"With that radio I was always swimming with the current political streams in the West. I was never stranded"
About this Quote
The intent is quietly defiant. Meri isn’t bragging about savvy news consumption; he’s describing a private act of geopolitical belonging. The subtext is that the West existed for him as a moral and political reference point long before Estonia could publicly claim it. “Always” hints at discipline, even risk: listening could be a habit practiced in the margins, in kitchens and bedrooms, where a citizen rehearses a different civic identity than the one the state demands.

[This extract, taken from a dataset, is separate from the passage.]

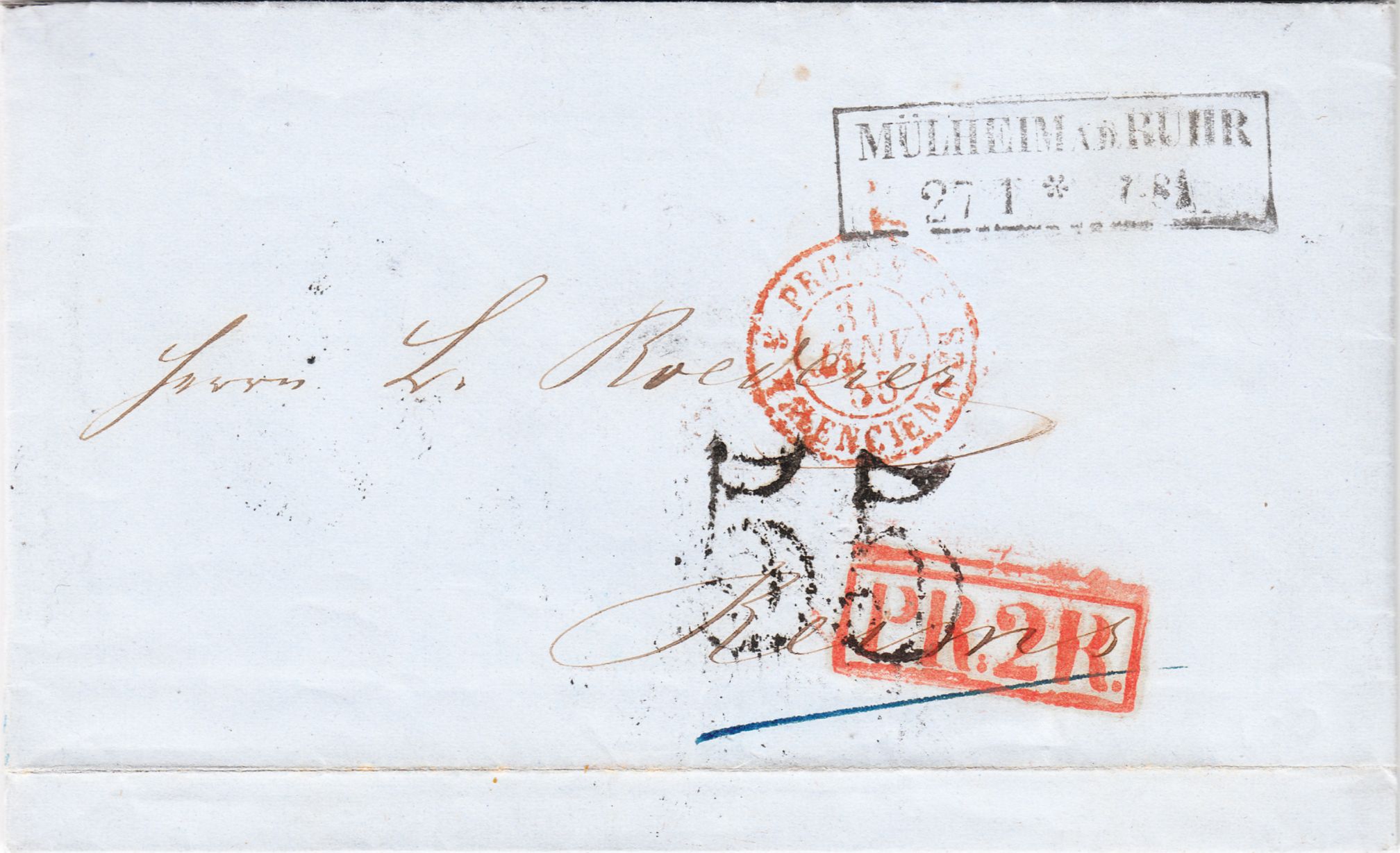 Oben links könnte in Blau als Gewicht in Preußen "2 Loth" vermerkt worden sein. Ein preußisches Lot waren 16 2/3 Gramm. Daneben könnte das Vereinsporto in Höhe von 3 Silbergroschen pro Loth vermerkt worden sein.

Context sharpens the line’s sting. In late Soviet life, official media specialized in manufactured inevitability. Meri’s radio punctures that spell. It lets him track “streams” - plural - suggesting he understood the West not as propaganda’s cartoon enemy but as a contested, living political ecosystem. The quote works because it frames freedom as a flow of information: not abstract rights, but a current you can enter, and a map that keeps you from being washed into silence.
Quote Details
| Topic | Freedom |
|---|---|
| Source | Help us find the source |
| Cite | Cite this Quote |
Citation Formats
APA Style (7th ed.)
Meri, Lennart. (n.d.). With that radio I was always swimming with the current political streams in the West. I was never stranded. FixQuotes. https://fixquotes.com/quotes/with-that-radio-i-was-always-swimming-with-the-79133/
Chicago Style
Meri, Lennart. "With that radio I was always swimming with the current political streams in the West. I was never stranded." FixQuotes. Accessed February 2, 2026. https://fixquotes.com/quotes/with-that-radio-i-was-always-swimming-with-the-79133/.
MLA Style (9th ed.)
"With that radio I was always swimming with the current political streams in the West. I was never stranded." FixQuotes, https://fixquotes.com/quotes/with-that-radio-i-was-always-swimming-with-the-79133/. Accessed 2 Feb. 2026.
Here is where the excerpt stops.